いまだ軽トラは7割がMT車!

 いまや乗用車の新車販売において99%がAT(オートマチックトランスミッション)になっているといわれている。その一方で、新規に運転免許を取得する人においてはAT限定ではなく、MT(マニュアルトランスミッション)にも乗れるほうを選ぶ人が、まだまだ半数近くいるという話もある。はたして、これから運転免許を取得する世代にとってMTに乗れる必要はあるのだろうか。

 よく言われるのは営業車にはまだまだMTが多いという話だが、いわゆる営業マンが乗るような社用車にハイブリッドカーを見かけるケースが増えている。ごく一部を除いて、日本のハイブリッドカーでMTの設定があるケースは少なく、AT限定免許でもまったく困らないだろう。また、AT限定免許の取得者増加に伴い、多くの企業ではMTの営業車を徐々に減らしているという話もある。

 じつは働くクルマにおいてもAT化は進んでいる。路線バスなどではMTを見かけるという声もあるだろうが、実際に新車で買おうとすると全車ATになっていたりするのだ。実際、FUSOの路線バス「エアロスター」は全車がトルコン6速ATとなっている。MTと異なり、燃費性能のばらつきが少ないことから事業者のニーズはATに進んでいるのだ。

 とはいえ、まだまだMTが主流のジャンルがある。それが軽商用車だ。2020年に日本自動車工業会が発表した「2019年 軽自動車の使用実態調査報告書」によると、軽1BOXバンの3割弱がMTで、さらに軽トラになると7割程度がMTなのだという。これも長期的にみるとATが増加している傾向にあるが、とくに軽トラを日常的に使うような業務につくにはMTも運転できる免許が必要となる。

 実際、都会に住んでいるときには、たまにレンタカーを借りるくらいのためAT限定免許でまったく困らなかったという人が、田舎暮らしを始めた途端、農作業で借りる軽トラがMTしかないので“限定解除”をする必要に迫られたというエピソードもある。自分用の軽トラを新車で買うのであればATという選択肢もあるが、借り物や中古市場ではMT比率が高いため、AT限定免許だと不便なことが多いのだという。

電動車化時代にMTは消えるだろう

 そのほか旧車に乗ろうと思うとMTに乗れないと、そもそも憧れのクルマを運転できないというケースもあるだろう。たとえば、R32〜R34のスカイラインGT-RにはATが用意されていない。
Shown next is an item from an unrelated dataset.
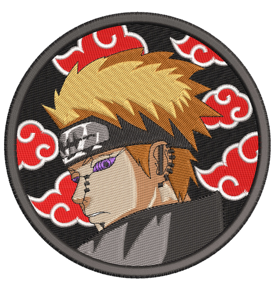 This custom anime machine embroidery design and pattern features the Naruto Shippuden character Yahiko Pain done in a round circle.
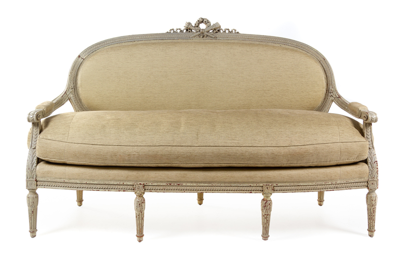 A Louis XVI Painted Sofa Height 44 1/2 x width 72 inches.

ほかにも1990年代のモデルでいっても、ホンダ・ビートはMTオンリーの設定だった。

 さらに1970年代以前となるとMT比率が高いため、旧車に憧れがあるというのであればAT限定免許を選んでしまうと後悔することになるだろうが、正直そうした趣味の人が多いとは思えず、新規に運転免許を取得する人の半数近くがいまだにMTも乗れる運転免許を取得するというのは、ちょっと不思議な傾向だ。

 なにしろ、いま自動車業界は100年に一度の大変革期で、クルマの電動化が進んでいるのがご存じのとおり。簡易的なマイルドハイブリッドを除くと、電動車両でMTを搭載するというのは考えづらく、将来的にはMTが消滅する方向にいっているのは間違いないからだ。

 また、スポーツカーにしてもR35日産GT-RはATであるし、ハイブリッドスポーツカーのホンダNSXも2ペダルとなっている。トヨタのGRスープラもATの設定しかない。MTに乗れないからスポーツドライブが楽しめないという時代でもない。

 とはいえ、マツダ・ロードスターやホンダS660といったリヤ駆動の6速MTを積んだライトウェイトスポーツカーが持つ、クルマを操ることで人馬一体感を味わえるという魅力には、趣味性という意味では十分な価値がある。最近ではホンダがN-ONEに軽自動車として初の「FF・ターボ・6速MT」というパッケージを実現した。そうした趣味性を楽しむものとしてMTが残っている限り、MTを乗れる運転免許を取っておくことは、「クルマを趣味として楽しもう」という人にとっては十分な価値ある資格といえるだろう。